Postgres JSONB object filtering

I have a Postgres table that looks like this:

CREATE TABLE products(
   id string,
   attributes jsonb,
   PRIMARY KEY(id)
);

An example of attributes field could be like:

 {
      "endDate": [
        "2024-02-20T21:00:00.000Z"
      ],
      "countries": [
        "US","IT","ES"
      ],
      "type": [
        "RETAIL"
      ],
      "startDate": [
        "2024-02-13T08:00:00.000Z"
      ],
      "categories": [
        "ELECTRONICS"
      ],
      "currency": [
        "USD"
      ],
      "status": [
        "ACTIVE"
      ]
    }

I need to create filter where as an input I might get a list of countries e.g. ["US","MX"] for which each product having one of these countries would match criteria and/or where startDate might be after certain provided date. I'm also interested in performance of such query, since this table might be really large.

I've tried sto filter products by countries using this query:

SELECT *
FROM products
WHERE
  (attributes @> '{ "countries": ["US","MX","JP"] }')

But this query would list only products which have all 3 provided countries. I need to have at least one country match, and in this example, it has "US" so it should be match.

Solution

It would be trivial on a normalised structure, but until you find time and budget to change it, you can use jsonb JSONPath expressions with @@ predicate check operator: demo

select * from products
where attributes 
@@ '  exists($.countries[*] 
             ?(  @=="US"
               ||@=="MX" ))
    && exists($.startDate?
              (@>"2024-02-12T07:00:00.000Z"))'
;

id	attributes
1	{"type": ["RETAIL"], "status": ["ACTIVE"], "endDate": ["2024-02-20T21:00:00.000Z"], "currency": ["USD"], "countries": ["US", "IT", "ES"], "startDate": ["2024-02-13T08:00:00.000Z"], "categories": ["ELECTRONICS"]}

If you pair it with a GIN index:

create index on products using gin(attributes jsonb_path_ops);

You'll see @@ speed up significantly thanks to index scans:


Bitmap Heap Scan on public.products (cost=116.51..2432.07 rows=13325 width=396) (actual time=4.505..56.491 rows=9513 loops=1)
Output: id, attributes
Recheck Cond: (products.attributes @@ '(exists ($."countries"[*]?(@ == "US" \|\| @ == "MX")) && exists ($."startDate"?(@ > "2024-02-12T07:00:00.000Z")))'::jsonpath)
Rows Removed by Index Recheck: 28518
Heap Blocks: exact=2149
-> Bitmap Index Scan on products_attributes_idx (cost=0.00..113.18 rows=13325 width=0) (actual time=4.238..4.239 rows=38031 loops=1)
Index Cond: (products.attributes @@ '(exists ($."countries"[*]?(@ == "US" \|\| @ == "MX")) && exists ($."startDate"?(@ > "2024-02-12T07:00:00.000Z")))'::jsonpath)
Planning Time: 0.374 ms
Execution Time: 56.930 ms

That's a test on 40k random sample resembling yours.

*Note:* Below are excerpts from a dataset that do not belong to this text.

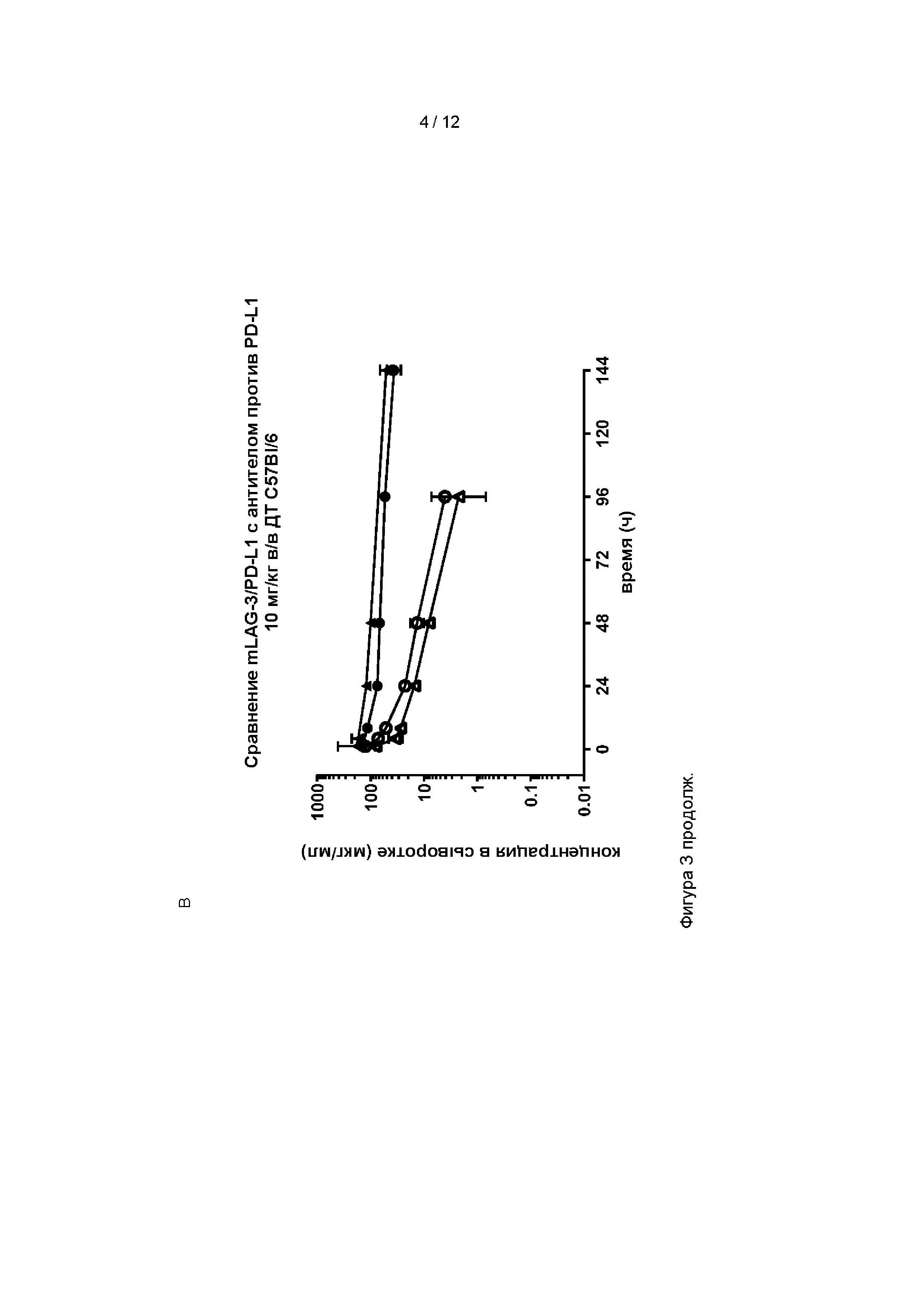 Данные по воздействию в модели сингенной опухоли мыши с суррогатным мАт2 мыши показывают, что для противоопухолевой эффективности непрерывное высокое воздействие FS118 не требовалось, и это сильно отличается от моноспецифичного мАт против PD-L1. В этой модели опухоли дозы суррогатного мАт2 мыши ≥1 мг/кг были ассоциированы с подавлением прогрессирования опухоли, причем влияние доз 3, 10 и 20 мг/кг было статистически значимым. Противоопухолевая эффективность мАт против PD-L1 и суррогатного мАт2 мыши, вводимых в дозе 10 мг/кг каждые 3 дня (3 дозы), и профили воздействия после однократной дозы обеих этих молекул у мышей дт без опухолей показаны на Фигуре 3А. В то время как воздействие мАт против PD-L1 поддерживалось на уровне выше 100 мкг/мл в течение 3-дневного периода, воздействие mLAG-3/PD-L1 за то же время снижалось до приблизительно 10 мкг/мл. Следует отметить, что в модели МС38 минимальное воздействие суррогатного мАт2 мыши снижалось с течением времени, что, возможно, связано с образованием АЛС. При введении дозы 3 мг/кг суррогатного мАт2 мыши каждые 3 дня расчетная Смакс после первой дозы составляла 25 мкг/мл, а наблюдаемая Смакс после последней дозы составляла 6 мкг/мл.
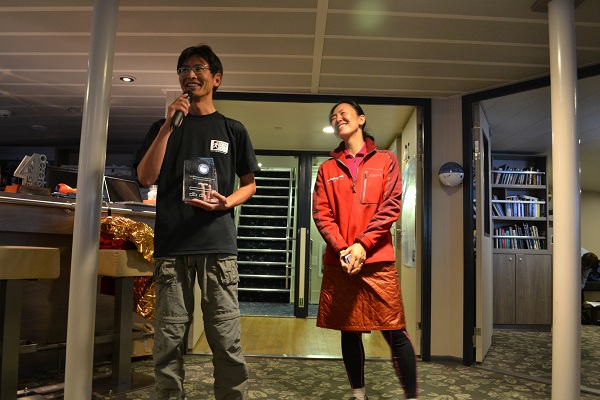 夜は表彰式。集まった選手たちの一部はエマージェンシーシートでドレスアップしている。金色と銀色できらきらしたエマージェンシーシートをドレスのように着ている。いよいよ入賞の楯をもらえるのかな?と期待は最高潮。もしかしたらコメントを求められるかもと不安も少々。まあなるようになるさ。男女の優勝者ビンセントとアンナ・マリーが表彰された次に突然名前を呼ばれた。優勝の次は2位ではなく3位を先に表彰するのか!?片手にカメラを持ったままなので誰かに撮ってもらおうと渡す相手を探すが日本人選手は後ろの方にいて見つからない。すると韓国のユニくんと目が合ったのでとっさにお願いとカメラを渡す。(ユニくんが写真撮ってくれました)
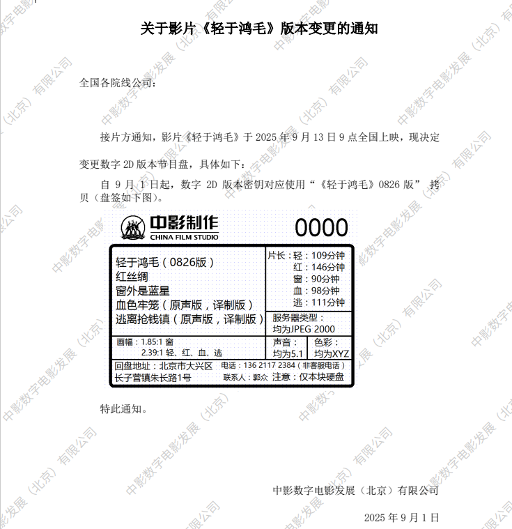 《轻于鸿毛》发行通知
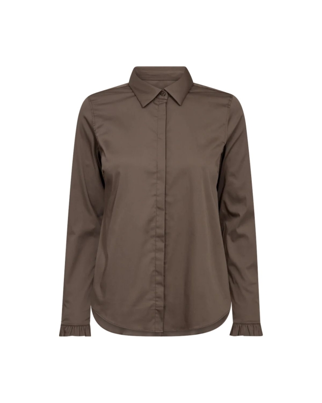 Denne bluse fremhæver femininitet med sin slanke, elegante silhuet og ultrabløde, strækbare materiale. Den klassiske krave og tidløse knaplukning foran kombineres med flæsemanchetter, der diskret titter frem under ærmerne og giver et sofistikeret touch. Perfekt til at style med mere strukturerede outfits for et elegant og detaljeret look.
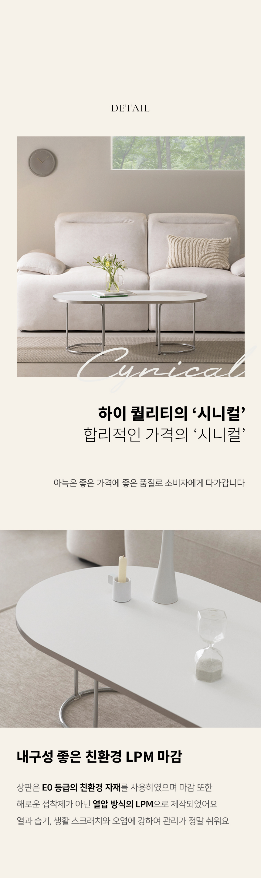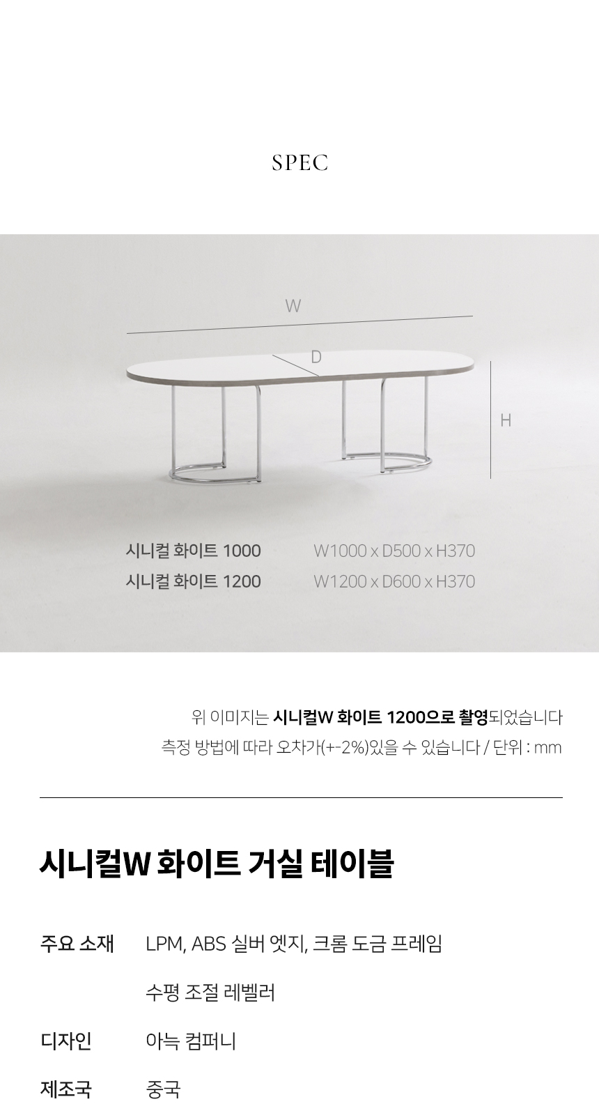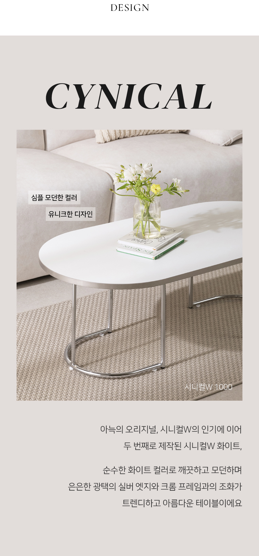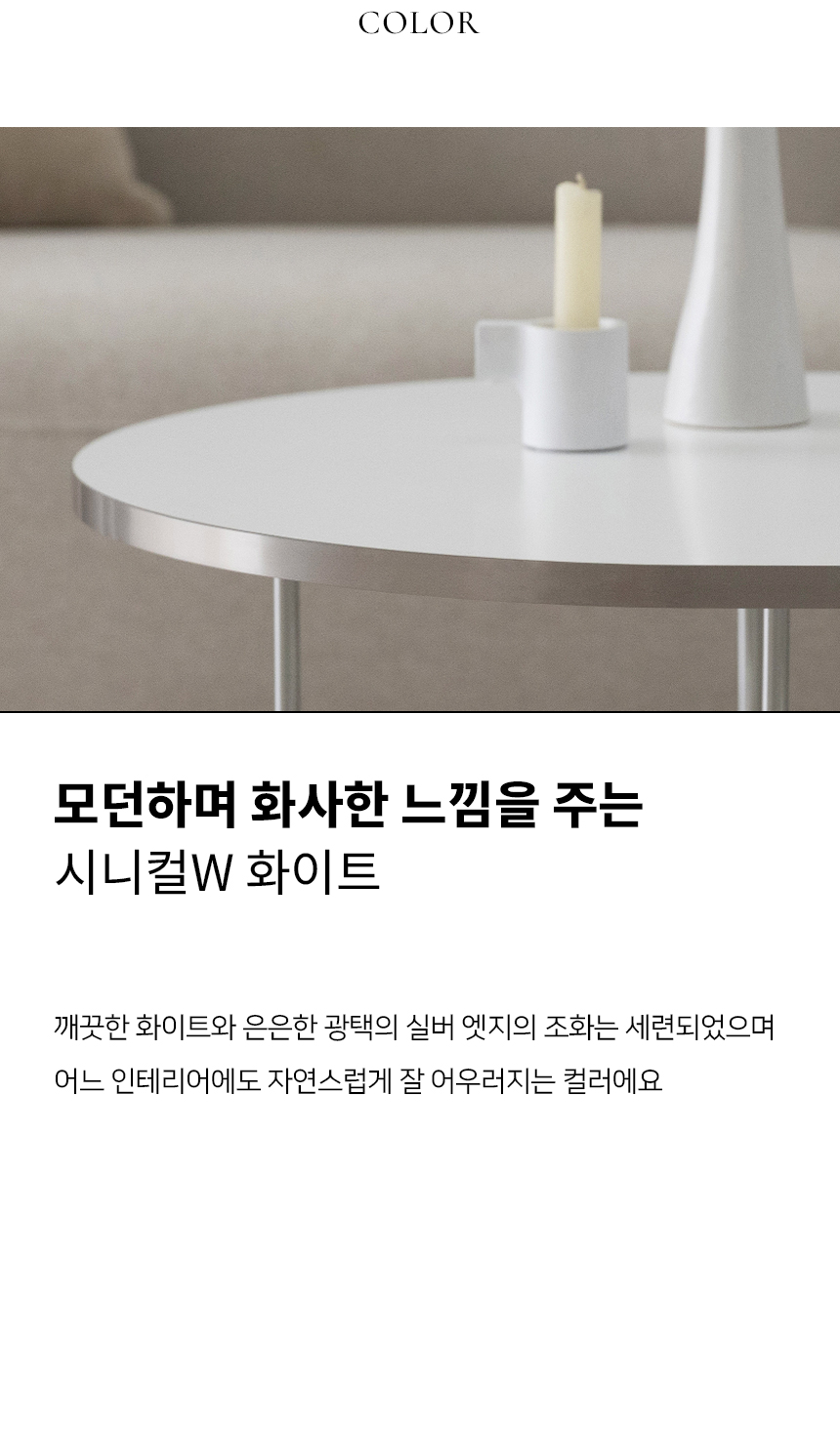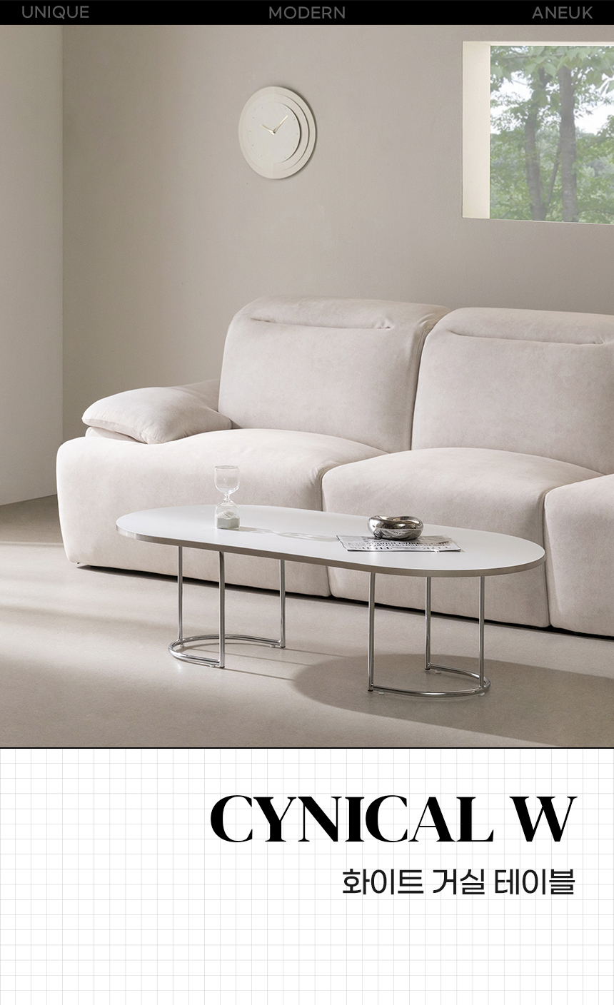 아늑 시니컬W 1200 화이트 거실 테이블/원형 소파 테이블

It's also visible that not the entire JSONPath is supported by the index, hence the re-check:

For these operators [@@, @?], a GIN index extracts clauses of the form accessors_chain = constant out of the jsonpath pattern, and does the index search based on the keys and values mentioned in these clauses. The accessors chain may include .key, [*], and [index] accessors. The jsonb_ops operator class also supports .* and .** accessors, but the jsonb_path_ops operator class does not.

The part with date comparison using > doesn’t qualify, which is why a recheck is necessary. Searches where you don’t need the > should be faster.

If you're dealing with non-uniform timestamp formats, you might want to add a .datetime() method in there.